Your objective:
Pictures stay out of the copy. Transcribe exactly, and only, the line with "Urządzenie przeznaczone do" through the last line of the entries below.

(Data items)
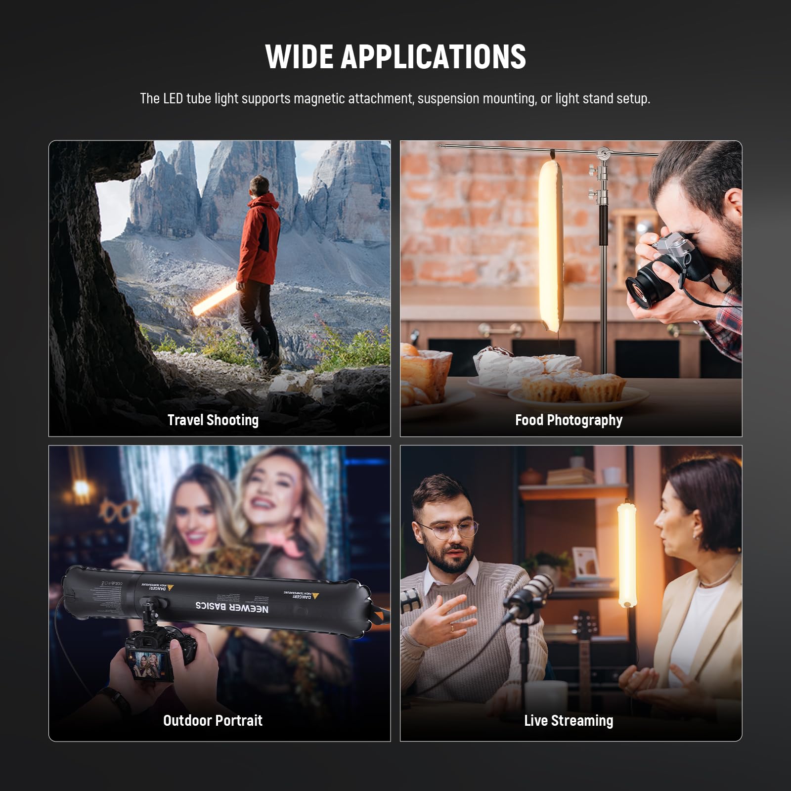 【Travel Friendly Inflatable Tube Light Kit】 This soft TPU light wand equipment easily folds into a compact size, incredibly lightweight (4.87oz/138g) and portable compared to metal or other bulky hard plastic led light sticks. Yet Once inflated, this photography prop reaches a length of 23.6"/60cm, providing impressive continuous lighting coverage for YouTube video recording, portrait & still life photo, studio indoor camera photoshoot, filming, outdoor films, vlogs, and travel shooting
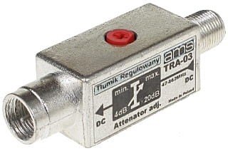 Urządzenie przeznaczone do zmniejszania poziomu sygnału w instalacji antenowej Telewizji naziemnej. Tłumik posiada odlewaną obudowę, co gwarantuje skuteczne ekranowanie zakłóceń. Posiada przejście słaboprądowe.
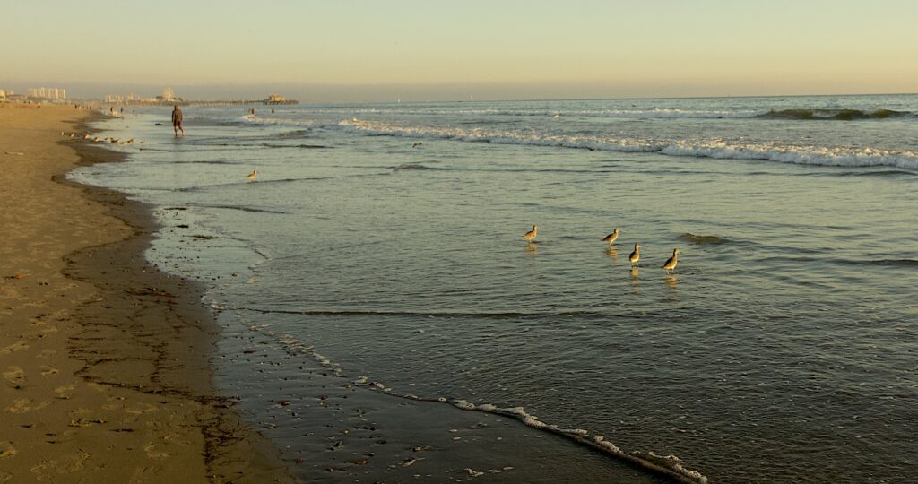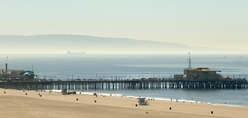 The pier and beach with a few people on it already, plus the ship in the haze , coming out of Los Angeles.
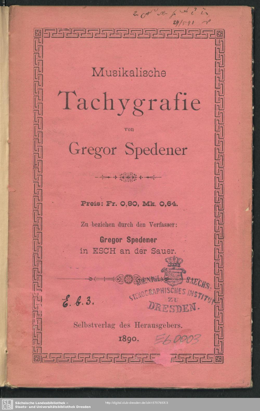 | Work Title | Musikalische Tachygrafie |
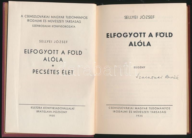 Sellyei József: Elfogyott a föld alóla. Pecsétes élet. Bratislava-Pozsony, 1935, Csehszlovákiai Magyar Tudományos Irodalmi és Művészeti Társaság, 200 p. Kiadói aranyozott egészvászon-kötés. Szalatnai RezsÅ‘ (1904-1977) irodalomtörténész, Ãró, kritikus, műfordÃtó névbejegyzésével.

Exercise result:
 Urządzenie przeznaczone do zmniejszania poziomu sygnału w instalacji antenowej Telewizji naziemnej. Tłumik posiada odlewaną obudowę, co gwarantuje skuteczne ekranowanie zakłóceń. Posiada przejście słaboprądowe.
 The pier and beach with a few people on it already, plus the ship in the haze , coming out of Los Angeles.
 | Work Title | Musikalische Tachygrafie |
 Sellyei József: Elfogyott a föld alóla. Pecsétes élet. Bratislava-Pozsony, 1935, Csehszlovákiai Magyar Tudományos Irodalmi és Művészeti Társaság, 200 p. Kiadói aranyozott egészvászon-kötés. Szalatnai RezsÅ‘ (1904-1977) irodalomtörténész, Ãró, kritikus, műfordÃtó névbejegyzésével.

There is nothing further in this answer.